1) JOB HUNTING EXPENSES: It pays to save your receipts for job-hunting expenses because they are deductible as a miscellaneous itemized expense if used to find a new job in a similar line of work. Money spent on searching for employment such as printing resumes, transportation to and from interviews, outplacement agency fees, travel expenses (i.e. hotels, food, rental cars, air travel), and telephone and cell phone bills are tax deductable. Even moving expenses are deductible once you find a job.

* Please note, the IRS wants you to look for your new job either while you still have your current job or very quickly after you left your old job. If there was a substantial break between your last job and the time you finally got off your butt to look for your new job, they're not going to let you take any deductions.

* Also, expenses are only deductible if you itemize them on your tax return, so you can't take the standard deduction. And you can only deduct expenses that exceed 2% of your adjusted gross income. So if you had an AGI of $30,000, you can only deduct expenses over $600.

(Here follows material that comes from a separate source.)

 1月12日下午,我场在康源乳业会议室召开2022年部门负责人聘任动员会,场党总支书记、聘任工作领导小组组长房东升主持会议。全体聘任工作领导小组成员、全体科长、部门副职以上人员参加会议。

* Finally, your expenses will not be deductible if your new employer reimbursed you for them. In some cases, the employee can report the expenses to the employer and get reimbursed 100% under an accountable plan. In some circumstances (rare), your employer may report this reimbursement to the IRS as income. If they do so, please report it as income however include the amount as part of your job hunting expense deductions.

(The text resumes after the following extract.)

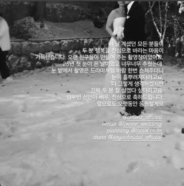 Studioul responsabil de fotografiile de nuntă a oferit, la rândul său, o privire din culise asupra ședinței foto. Potrivit acestora, imaginile au fost realizate într-o locație acoperită de zăpadă, iar un scurt videoclip distribuit online îi arată pe Kim Woo Bin și Shin Min Ah pozând împreună într-un cadru romantic. Chiar dacă fețele lor nu sunt surprinse în detaliu, fanii s-au declarat încântați de atmosfera intimă și elegantă a momentului.

2) COST OF TAX PREPARATION: Tax tools, books, classes, software, and even tax preparation services are deductible on your tax return as a miscellaneous itemized deduction.

3) MEDICAL EXPENSES EXCEEDING 7.5% OF ADJUSTED GROSS INCOME: You can alleviate some of the pain by deducting your doctor bills. However, since medical bills are deductible only to the extent that they total more than 7.5% of your adjusted gross income, timing your payments may be the only way to garner a tax benefit from these costs. By the end of the year, you will know where you stand with your total adjustable gross income. But you may want to resist squaring any medical tabs until next year, when the tax benefits could be more advantageous. However, if you know your medical bills will exceed 7.5% of your adjusted gross income, then put your entire medical bill onto a credit card by the end of the year instead of making payments. This will ensure that you receive as large as a deduction as possible.